(Exercise instructions): The answer must consist solely of the lines below starting at the one containing "Каминокомплект Glenrich Арочный" and ending at the one containing "category review |", repeated exactly, with both ends included and all pictures omitted.

(Data shown):
►
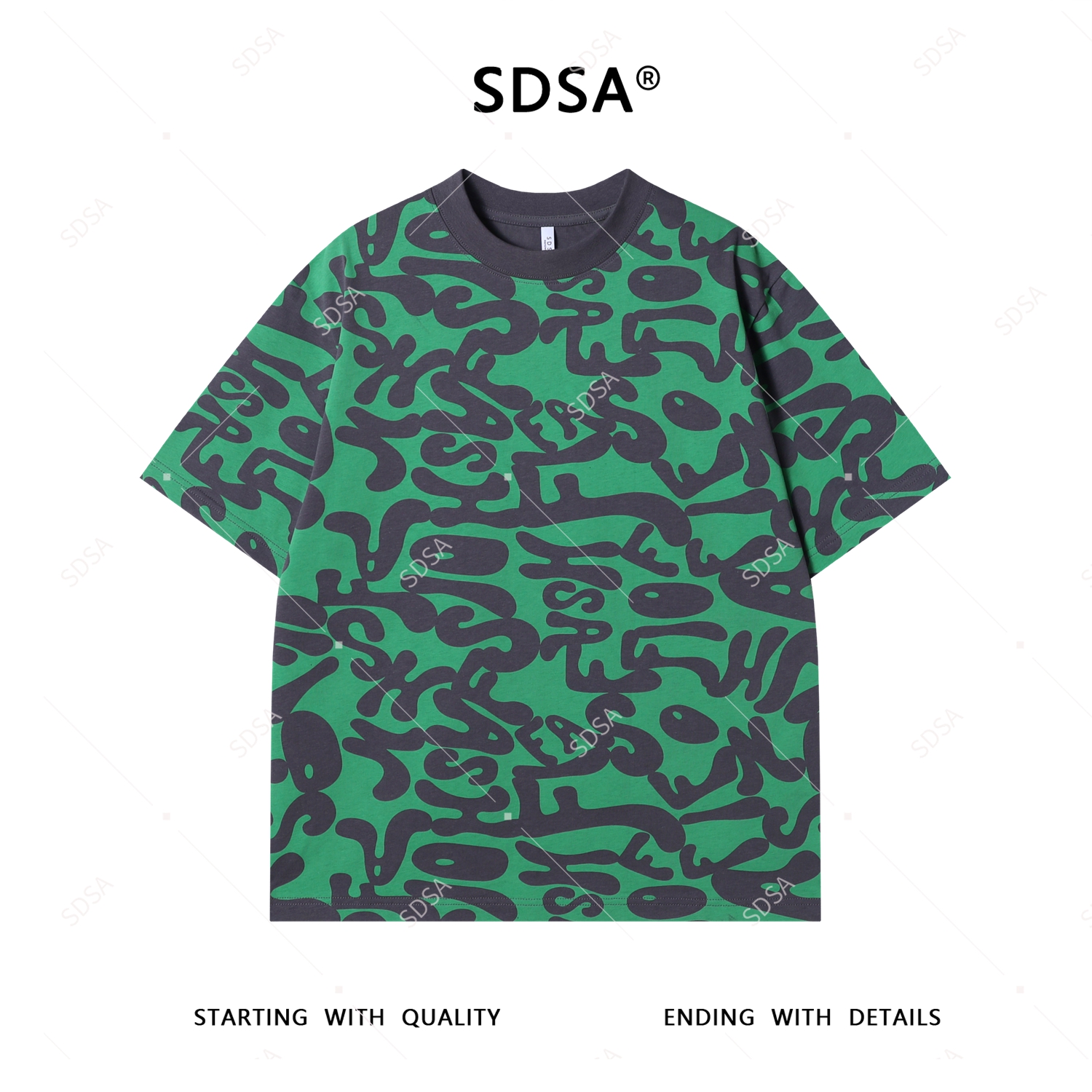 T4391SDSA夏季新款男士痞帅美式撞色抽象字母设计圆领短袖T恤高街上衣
◄
►
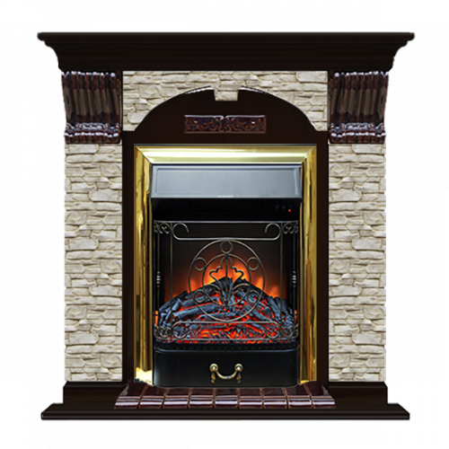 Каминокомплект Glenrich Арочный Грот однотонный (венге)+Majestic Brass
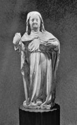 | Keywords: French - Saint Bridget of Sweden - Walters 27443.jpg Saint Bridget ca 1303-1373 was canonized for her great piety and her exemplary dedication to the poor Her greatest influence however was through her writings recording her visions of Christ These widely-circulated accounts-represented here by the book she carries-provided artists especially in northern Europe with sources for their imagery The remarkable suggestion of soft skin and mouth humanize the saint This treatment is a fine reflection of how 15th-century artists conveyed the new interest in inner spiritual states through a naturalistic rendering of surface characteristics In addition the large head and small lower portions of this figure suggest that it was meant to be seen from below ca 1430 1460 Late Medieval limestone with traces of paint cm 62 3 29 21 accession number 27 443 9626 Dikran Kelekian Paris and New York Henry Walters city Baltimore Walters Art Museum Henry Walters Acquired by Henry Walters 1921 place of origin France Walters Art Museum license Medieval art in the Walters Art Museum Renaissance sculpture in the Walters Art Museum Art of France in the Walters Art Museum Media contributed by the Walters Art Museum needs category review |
◄
►
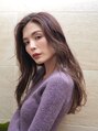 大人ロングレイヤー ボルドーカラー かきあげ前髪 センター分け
◄
(Completed task):
 Каминокомплект Glenrich Арочный Грот однотонный (венге)+Majestic Brass
 | Keywords: French - Saint Bridget of Sweden - Walters 27443.jpg Saint Bridget ca 1303-1373 was canonized for her great piety and her exemplary dedication to the poor Her greatest influence however was through her writings recording her visions of Christ These widely-circulated accounts-represented here by the book she carries-provided artists especially in northern Europe with sources for their imagery The remarkable suggestion of soft skin and mouth humanize the saint This treatment is a fine reflection of how 15th-century artists conveyed the new interest in inner spiritual states through a naturalistic rendering of surface characteristics In addition the large head and small lower portions of this figure suggest that it was meant to be seen from below ca 1430 1460 Late Medieval limestone with traces of paint cm 62 3 29 21 accession number 27 443 9626 Dikran Kelekian Paris and New York Henry Walters city Baltimore Walters Art Museum Henry Walters Acquired by Henry Walters 1921 place of origin France Walters Art Museum license Medieval art in the Walters Art Museum Renaissance sculpture in the Walters Art Museum Art of France in the Walters Art Museum Media contributed by the Walters Art Museum needs category review |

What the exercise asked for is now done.